ACTIVITY: Could you print the stretch of lines below from the one with "Gap High Rise" through the one with "Das helle Wohnzimmer", exactly as they stand and without any pictures?
** Opening DATASET block **
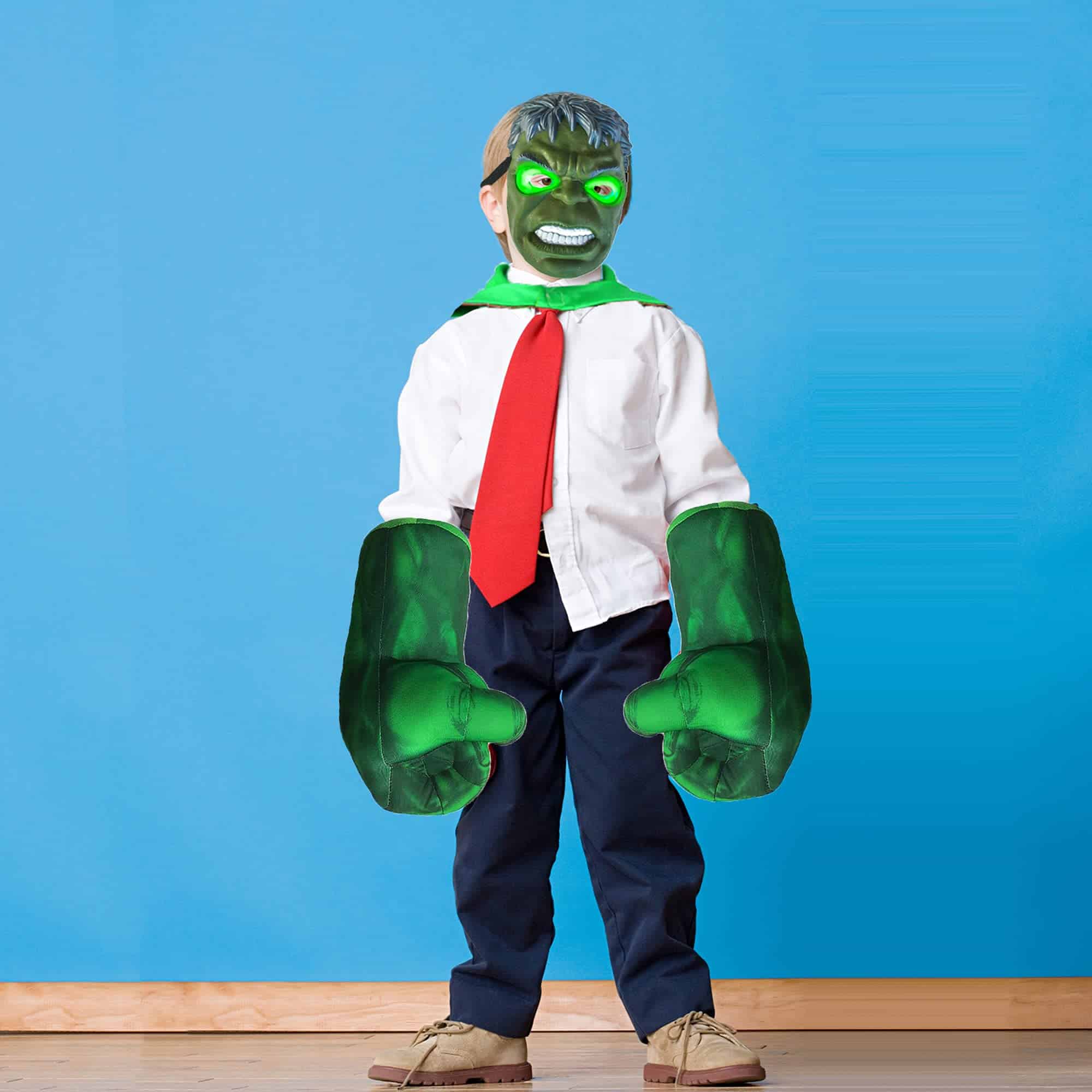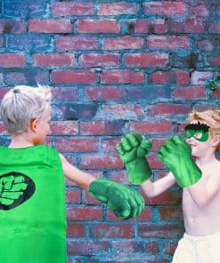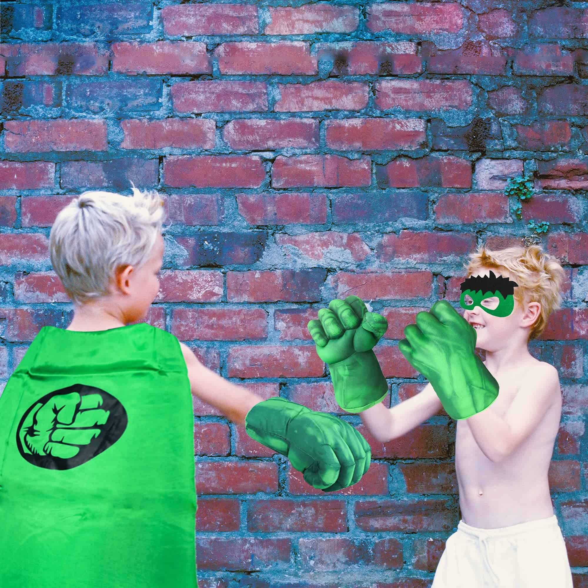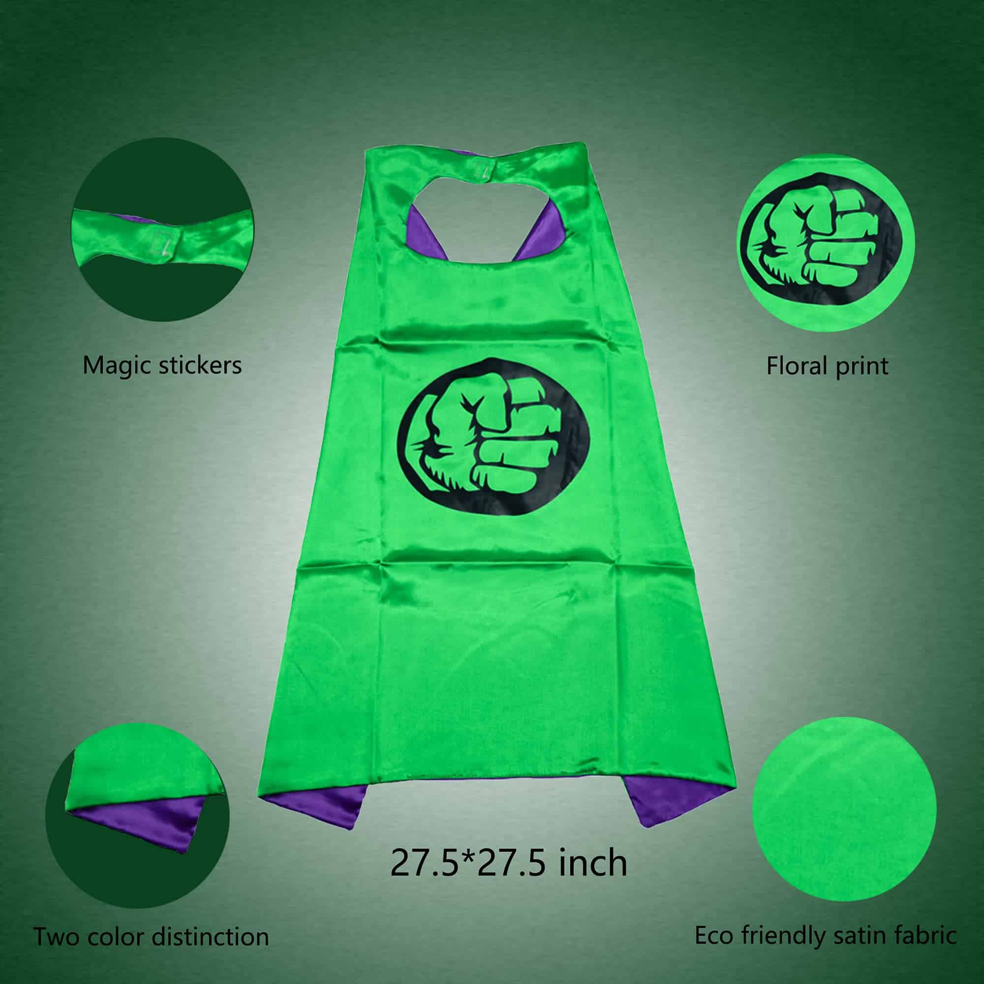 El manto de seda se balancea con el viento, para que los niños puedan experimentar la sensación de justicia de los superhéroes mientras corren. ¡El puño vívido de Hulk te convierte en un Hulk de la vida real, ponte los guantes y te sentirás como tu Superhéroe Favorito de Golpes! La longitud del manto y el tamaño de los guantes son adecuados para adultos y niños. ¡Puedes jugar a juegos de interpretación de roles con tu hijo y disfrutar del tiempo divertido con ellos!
** Closing DATASET block **
** Opening DATASET block **
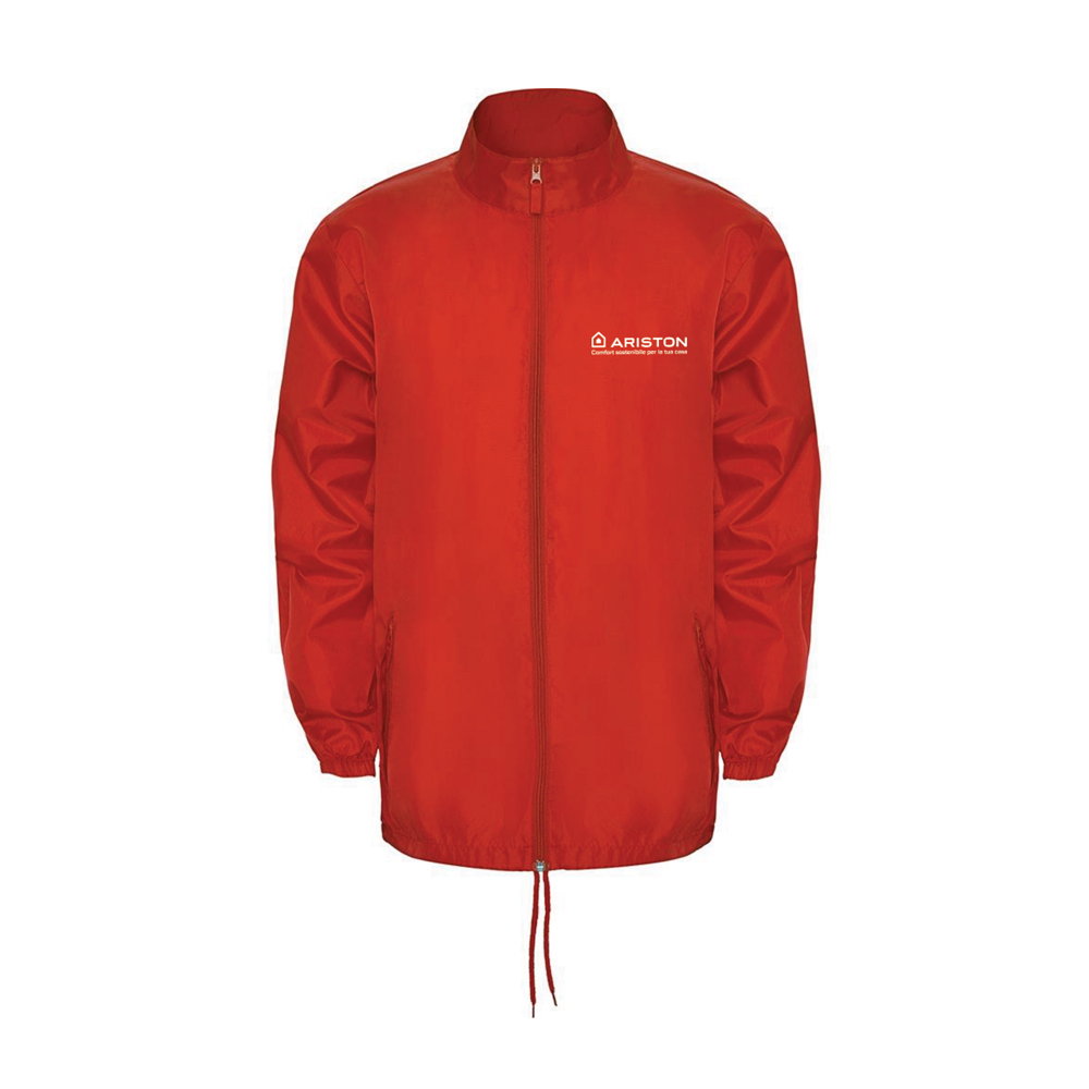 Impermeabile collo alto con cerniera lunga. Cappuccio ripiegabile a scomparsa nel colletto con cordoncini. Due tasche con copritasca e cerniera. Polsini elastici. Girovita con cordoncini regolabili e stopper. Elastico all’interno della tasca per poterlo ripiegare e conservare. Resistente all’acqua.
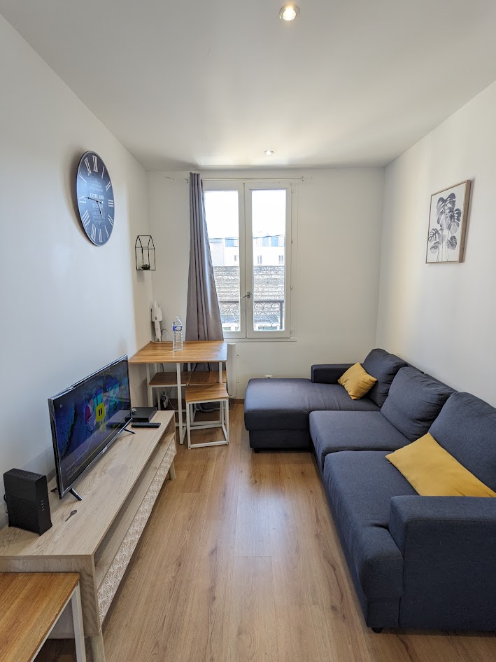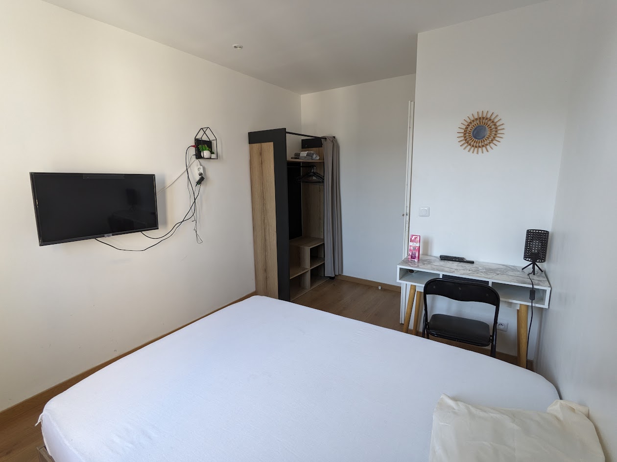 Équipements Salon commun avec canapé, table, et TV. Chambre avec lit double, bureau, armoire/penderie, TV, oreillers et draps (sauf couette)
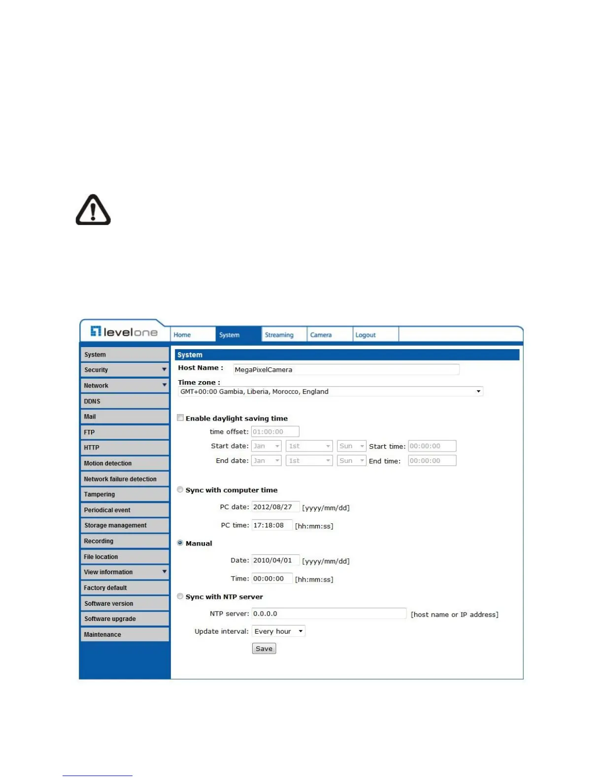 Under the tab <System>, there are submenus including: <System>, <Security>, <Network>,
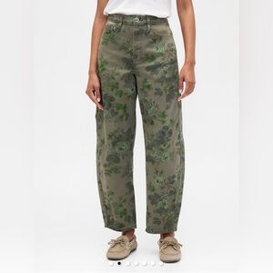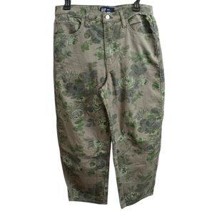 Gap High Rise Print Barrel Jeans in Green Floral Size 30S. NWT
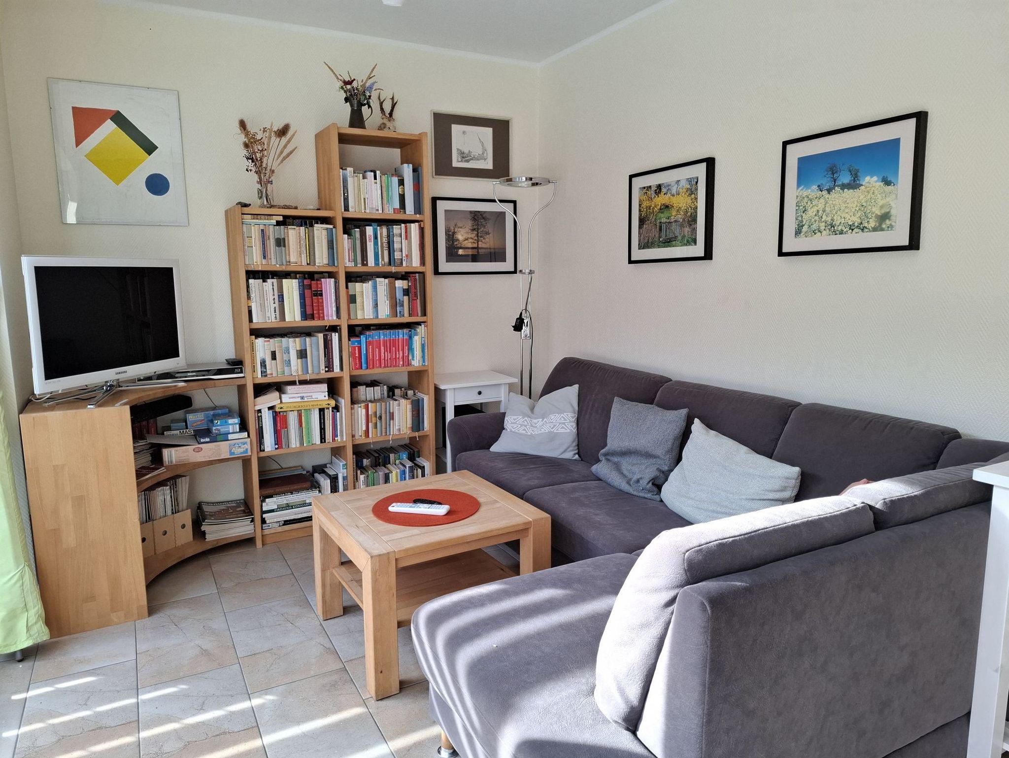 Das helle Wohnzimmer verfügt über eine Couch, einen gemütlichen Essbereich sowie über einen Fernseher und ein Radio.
** Closing DATASET block **
PROBLEM SOLUTION:
 Gap High Rise Print Barrel Jeans in Green Floral Size 30S. NWT
 Das helle Wohnzimmer verfügt über eine Couch, einen gemütlichen Essbereich sowie über einen Fernseher und ein Radio.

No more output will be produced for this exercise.